The function definitions 210 may define functions that are utilized by various schema taking advantage of the 29-bit message identifier 220. For example, without limitation, over the air updates (OTA) have a defined set of available functions, and these function definition bits can reference a function associated with a message. The message rate control portion 212 may be configured to control transmission speed at which the one or more CAN frames defining a given OVTP message may be transmitted. The message rate control portion 212 may, accordingly, control a maximum bandwidth that will be used during a given transmission.

A given data message received by the gateway 108 may, accordingly, include the source controller identifier 224, e.g., 10 bits of the 29-bit message identifier 220, the target ECU identifier 226, e.g., 10 bits of the 29-bit message identifier 220, and the priority identifier 230, e.g., 3 bits of the 29-bit message identifier 220. The OVTP protocol 205 may further include the CAN driver 214 configured to perform CAN message handling, thus allowing the ECU 104, 106 to send and receive CAN messages, as well as push the CAN messages onto the vehicle 102 CAN bus.

The addressing components, instead of being hardcoded, as in some instances, may be designed as logical constructs and may facilitate the use of the 10 source bits and the overall 20 source/target bits. This may allow for an application that provides mesh-based networking of ECU 104, 106 messages across the entire network without conflict. This may also leverage the physical layers of the CAN protocol 205 design relative to other networks, which can allow for multiple senders and receivers on the same physical wire. The controller 104, 106 detecting the CAN message may reference the target controller identifier 226 at the physical layer to determine whether the detected CAN message is intended for this or for another ECU 104, 106 thereby avoiding the protocol layers above the physical layer having to process the detected CAN message intended for another ECU 104, 106.

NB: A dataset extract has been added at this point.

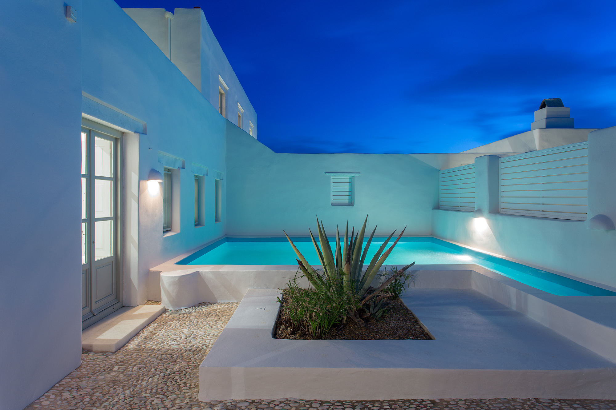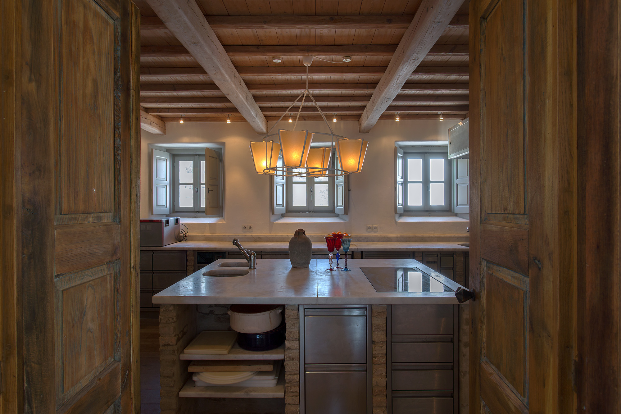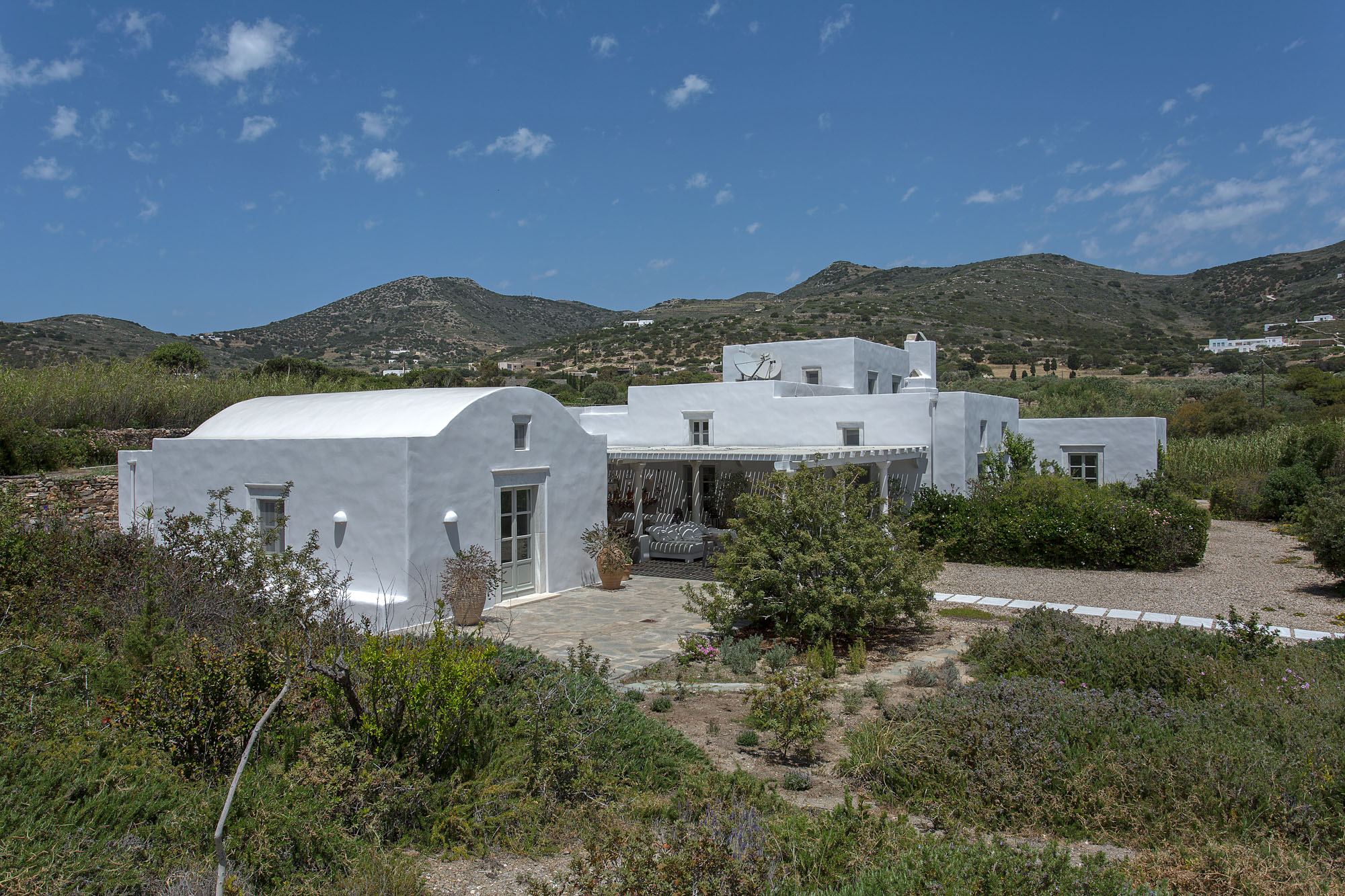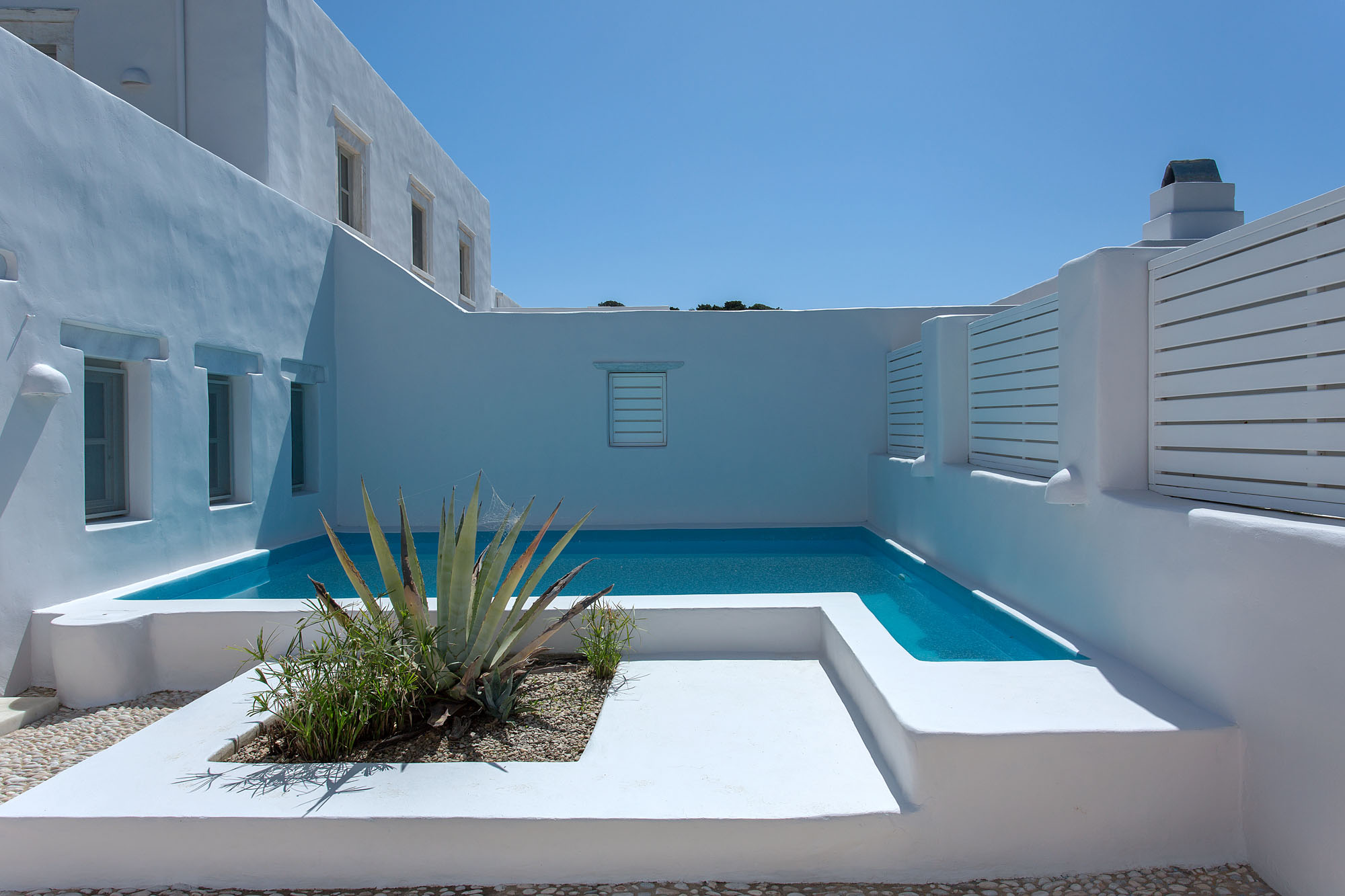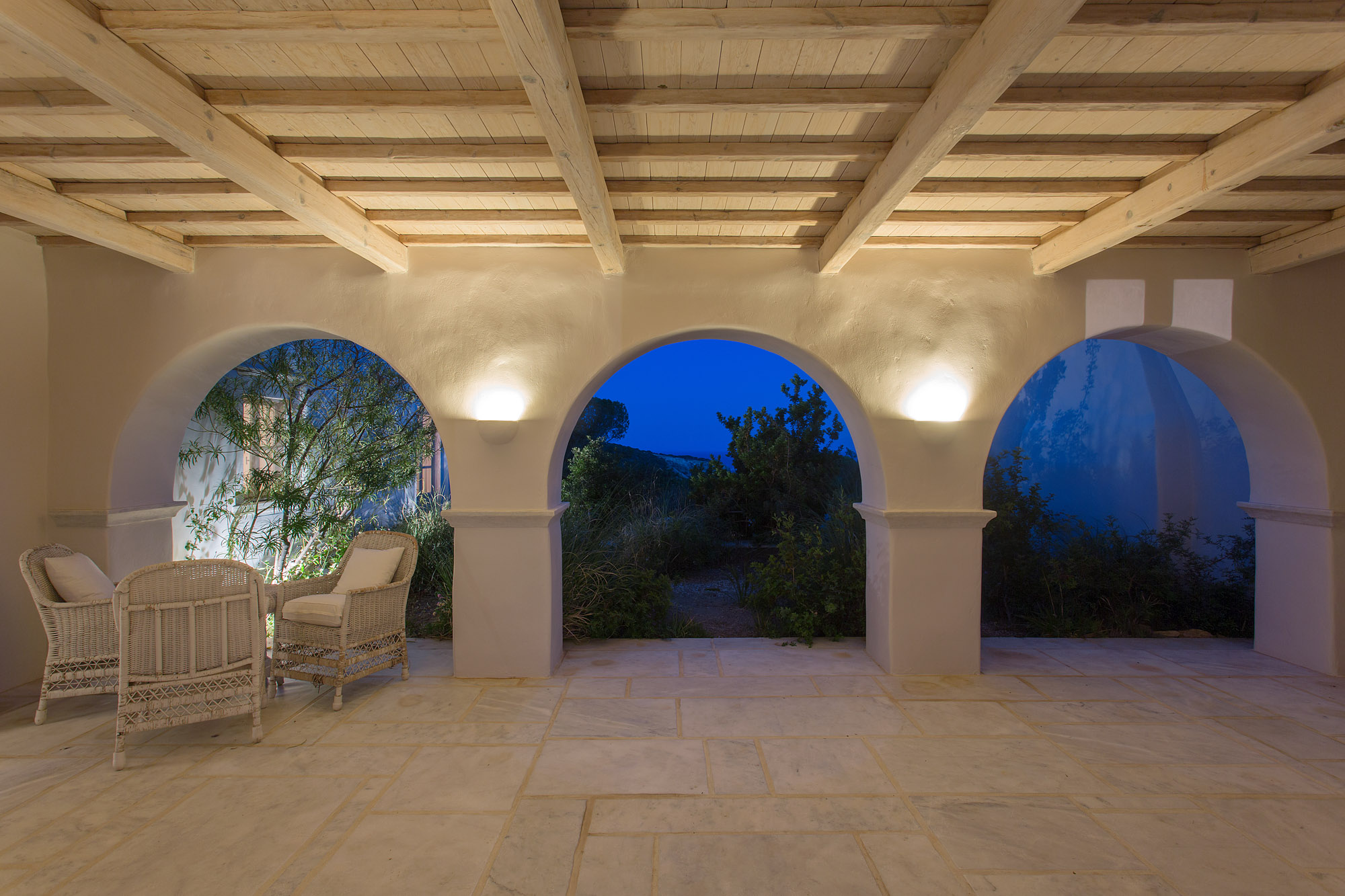 The sleek white house, surrounded by nearly six acres of land with flowers, olive, and fruit trees, looks out to the enticing waters of the Aegean. There’s lots of space, a fabulous main pool, a second smaller pool, and steps up to the roof for far-reaching views.

FIG. 3 illustrates an example process 300 for performing the secure key distribution. In an example, the process 300 may be performed using the system topology 100 and OVTP protocol 205 discussed in detail above.

In phase 1, referring to Task A1, an EOL tester tool may trigger the key distribution protocol. This may occur, in an example, at prerolls, with the EOL tester tool sending a diagnostic request to the gateway 108. At Task A2, responsive to receipt of the request, the gateway 108 calls the true random number generator functions of the HSM 114 and uses the resulting random sequence to create the key K.

In phase 2, referring to Task B1, the gateway 108 initiate the key distribution protocol and sends out the OVTP message to request the UID of the HSM/SHE 116 on a downstream ECU 104 in a pre-defined group for receiving keys. At Task B2, the downstream ECU 104 unwraps the OVTP message and forwards the UID request to its peripheral HSM/SHE 116 using the SHE protocol.

In phase 3, referring to Task B3, the gateway 108 unwraps the UID from an ECU 104. Referring to Task C1, after receiving the UID from the ECU 104, the gateway 108 prepares a sequence of M1, M2, and M3 (or in short M123) using SHE memory updating protocol. The M123 is a sequence that contains the UID of the ECU 104, the target key slot index and an authorization key slot index, the encrypted copy of the key K, and a message authentication code of all these items. It allows the ECU 104 to update the key slot to the value of the key K in a secure manner. At Task C2, the gateway 108 wraps the sequence into an OVTP request message and sends the sequence toward the target ECU 104.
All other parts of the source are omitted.